Help Needed: Locating Abnormal Traffic in TiKV

Note:
This topic has been translated from a Chinese forum by GPT and might contain errors.

Original topic: 求助:tikv异常流量定位

| username: porpoiselxj

[Test Environment for TiDB] Testing
[TiDB Version] V6.1.1
[Issue Encountered] On Grafana, the traffic monitoring for TiKV shows a traffic surge every 10 minutes. Only one TiKV instance exhibits this phenomenon. Could you please advise on how to identify the cause of the traffic surge? (The traffic visualization interface on the dashboard does not show any significant reads or writes)

| username: zhanggame1 | Original post link

Is the ten minutes caused by the default GC? Check the GC configuration.

| username: porpoiselxj | Original post link

GC does indeed occur every 10 minutes, but why does this situation only happen with one TiKV instance?

| username: zhanggame1 | Original post link

First, change the default GC time and see if it’s caused by GC, to rule it out.

| username: porpoiselxj | Original post link

Okay, let me give it a try.

| username: porpoiselxj | Original post link

It doesn’t seem to be related to GC. I changed the GC to run every 15 minutes, but the traffic peak still occurs every 10 minutes. I checked the time points before the modification, and they don’t match the GC time points either. The GC always starts at 05 minutes past the hour, while the traffic appears every 10 minutes.

| username: linnana | Original post link

Monitor the disk IO load situation for a period of time.

| username: porpoiselxj | Original post link

The data disk IO of the TiKV nodes is always full, with several nodes at 99.9%.

| username: redgame | Original post link

That’s IO…

| username: porpoiselxj | Original post link

This has nothing to do with IO, I was talking about traffic.

| username: Anna | Original post link

Yes, it matters. Disk read and write operations can affect various issues.

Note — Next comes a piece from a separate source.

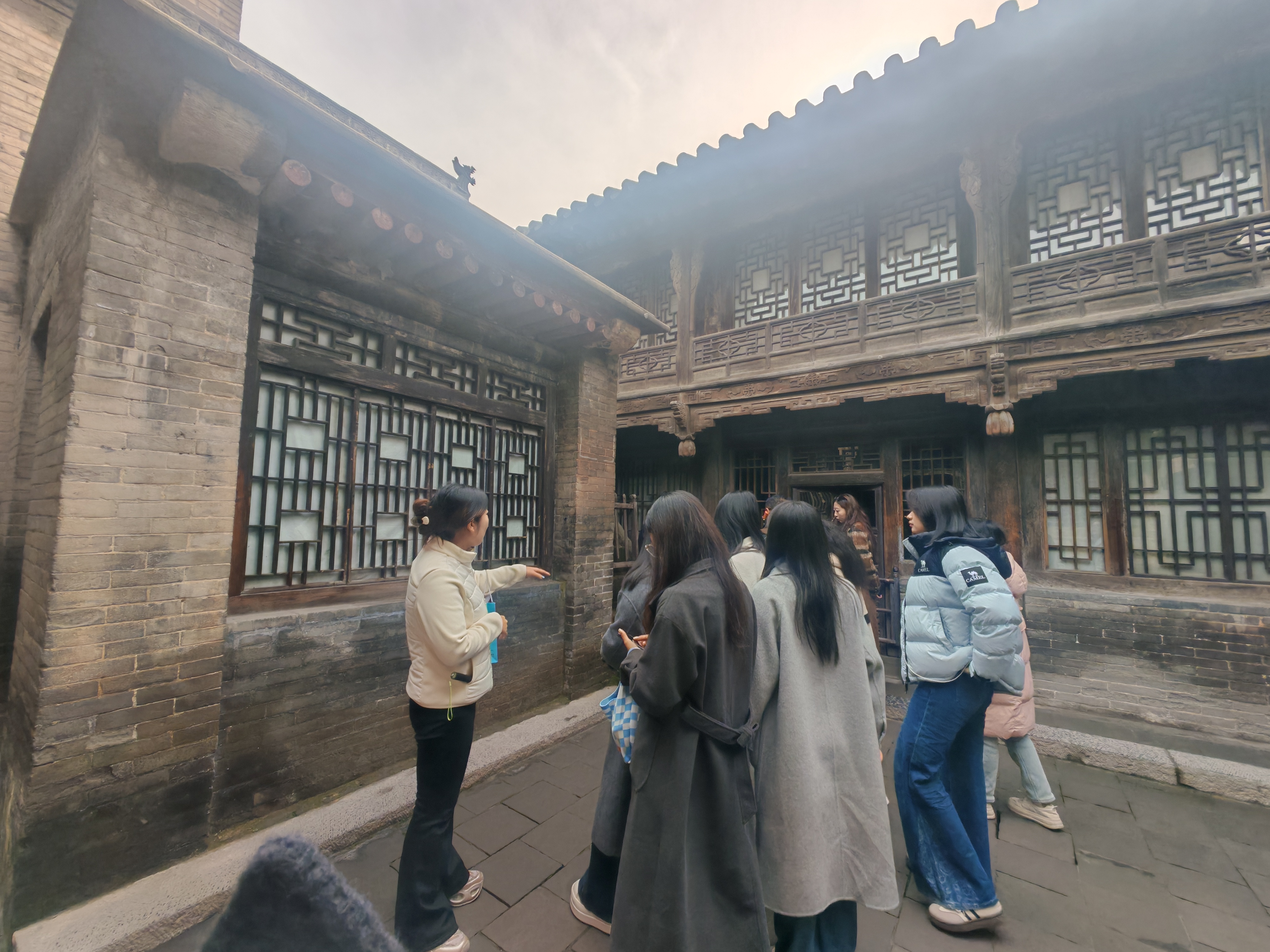 山西被誉为“中国古代建筑博物馆”,每一处遗存皆是环境设计的活教材。在王家大院,同学们沉浸式感受“民间故宫”的空间哲学,细究斗拱榫卯结构与院落采光通风设计,深刻领悟传统建筑“天人合一”的营造逻辑,明晰环境设计对空间与人文、自然的和谐把控核心。

| username: Anna | Original post link

The impact of disk I/O on traffic is mainly reflected in the bandwidth and resources occupied by disk read and write operations. When disk I/O is relatively busy, the time required to read or write data from the hard disk will be longer, leading to longer request processing times, thereby affecting the overall performance of the system and network throughput.

In scenarios where network traffic accesses the disk, such as through cloud storage services, slow disk I/O may result in slower download or upload speeds, thus affecting the user experience.

To avoid the impact of disk I/O on system performance, a series of optimization measures can be adopted, such as using high-speed disks, increasing memory cache, and reducing the number of disk I/O operations. Additionally, reasonably allocating the priority of disk read and write operations and prioritizing important tasks can ensure system performance and smoothness.

| username: system | Original post link

This topic was automatically closed 60 days after the last reply. New replies are no longer allowed.